Work required - Pictures should not appear in the copy; the records themselves must be written out exactly.

____________

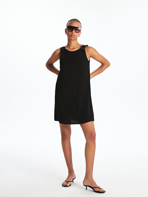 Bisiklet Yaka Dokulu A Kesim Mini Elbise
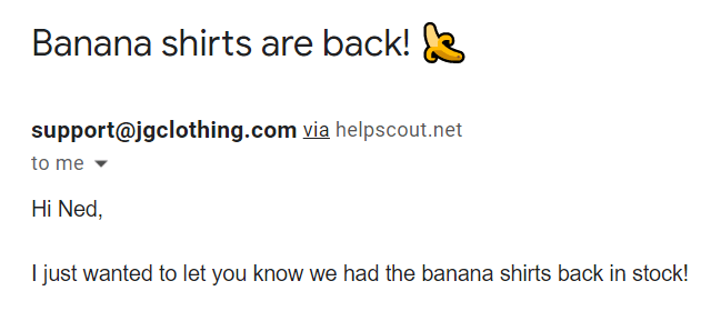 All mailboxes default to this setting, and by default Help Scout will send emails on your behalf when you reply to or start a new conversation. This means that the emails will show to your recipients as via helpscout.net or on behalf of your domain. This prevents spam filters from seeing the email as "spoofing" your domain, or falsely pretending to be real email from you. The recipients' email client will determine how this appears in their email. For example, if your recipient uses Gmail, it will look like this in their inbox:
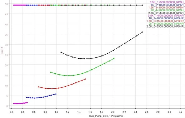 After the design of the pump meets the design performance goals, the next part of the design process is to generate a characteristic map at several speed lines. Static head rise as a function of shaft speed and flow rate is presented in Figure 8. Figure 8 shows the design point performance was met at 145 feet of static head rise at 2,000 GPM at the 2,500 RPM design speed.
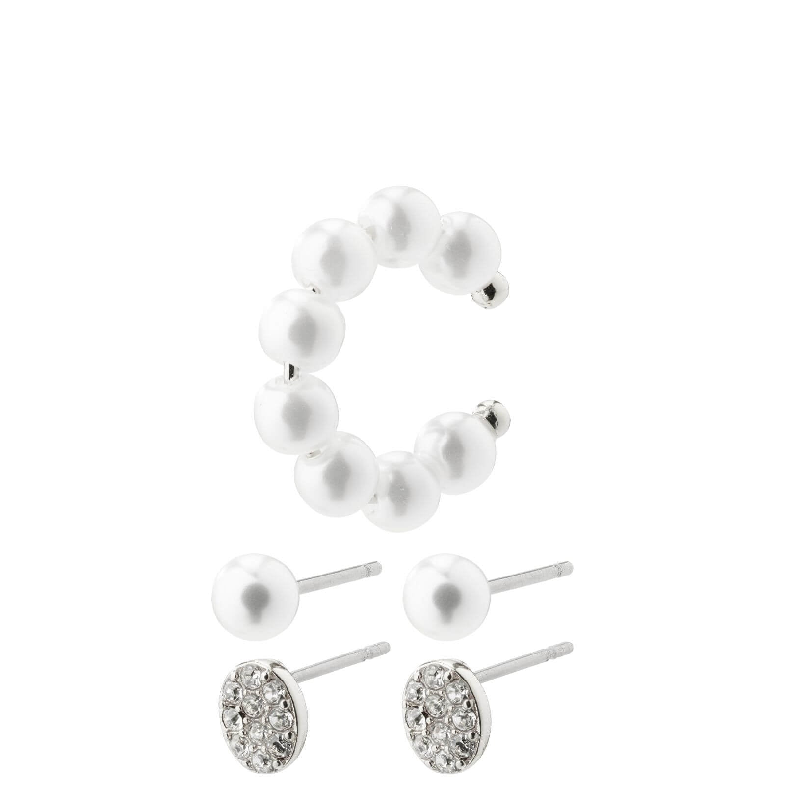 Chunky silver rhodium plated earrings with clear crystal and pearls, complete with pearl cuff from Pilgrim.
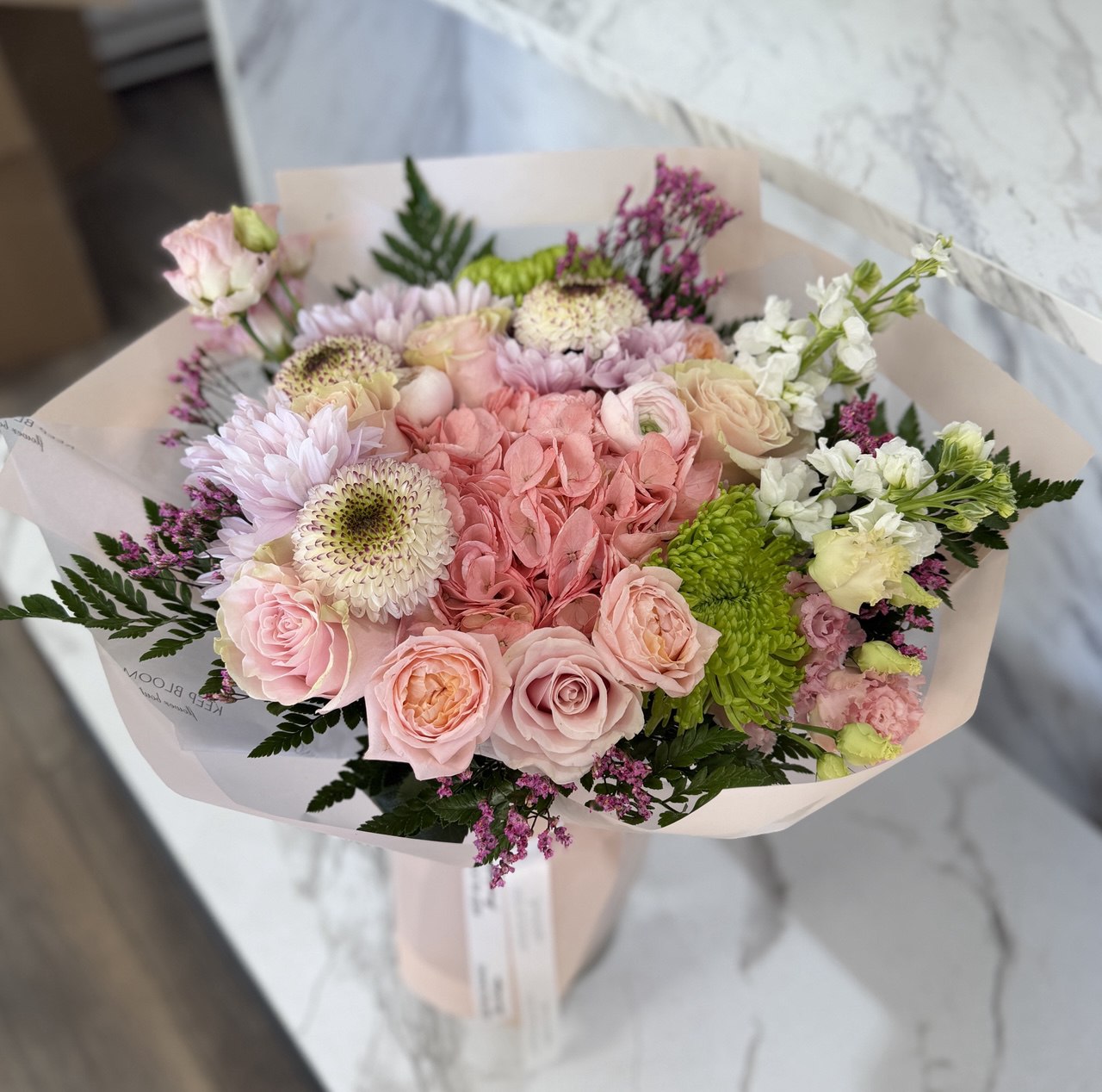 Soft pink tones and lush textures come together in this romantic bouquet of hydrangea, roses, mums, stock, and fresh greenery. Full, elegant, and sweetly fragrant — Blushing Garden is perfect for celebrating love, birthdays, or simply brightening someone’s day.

____________

Solved problem -
 Bisiklet Yaka Dokulu A Kesim Mini Elbise
 All mailboxes default to this setting, and by default Help Scout will send emails on your behalf when you reply to or start a new conversation. This means that the emails will show to your recipients as via helpscout.net or on behalf of your domain. This prevents spam filters from seeing the email as "spoofing" your domain, or falsely pretending to be real email from you. The recipients' email client will determine how this appears in their email. For example, if your recipient uses Gmail, it will look like this in their inbox:
 After the design of the pump meets the design performance goals, the next part of the design process is to generate a characteristic map at several speed lines. Static head rise as a function of shaft speed and flow rate is presented in Figure 8. Figure 8 shows the design point performance was met at 145 feet of static head rise at 2,000 GPM at the 2,500 RPM design speed.
 Chunky silver rhodium plated earrings with clear crystal and pearls, complete with pearl cuff from Pilgrim.
 Soft pink tones and lush textures come together in this romantic bouquet of hydrangea, roses, mums, stock, and fresh greenery. Full, elegant, and sweetly fragrant — Blushing Garden is perfect for celebrating love, birthdays, or simply brightening someone’s day.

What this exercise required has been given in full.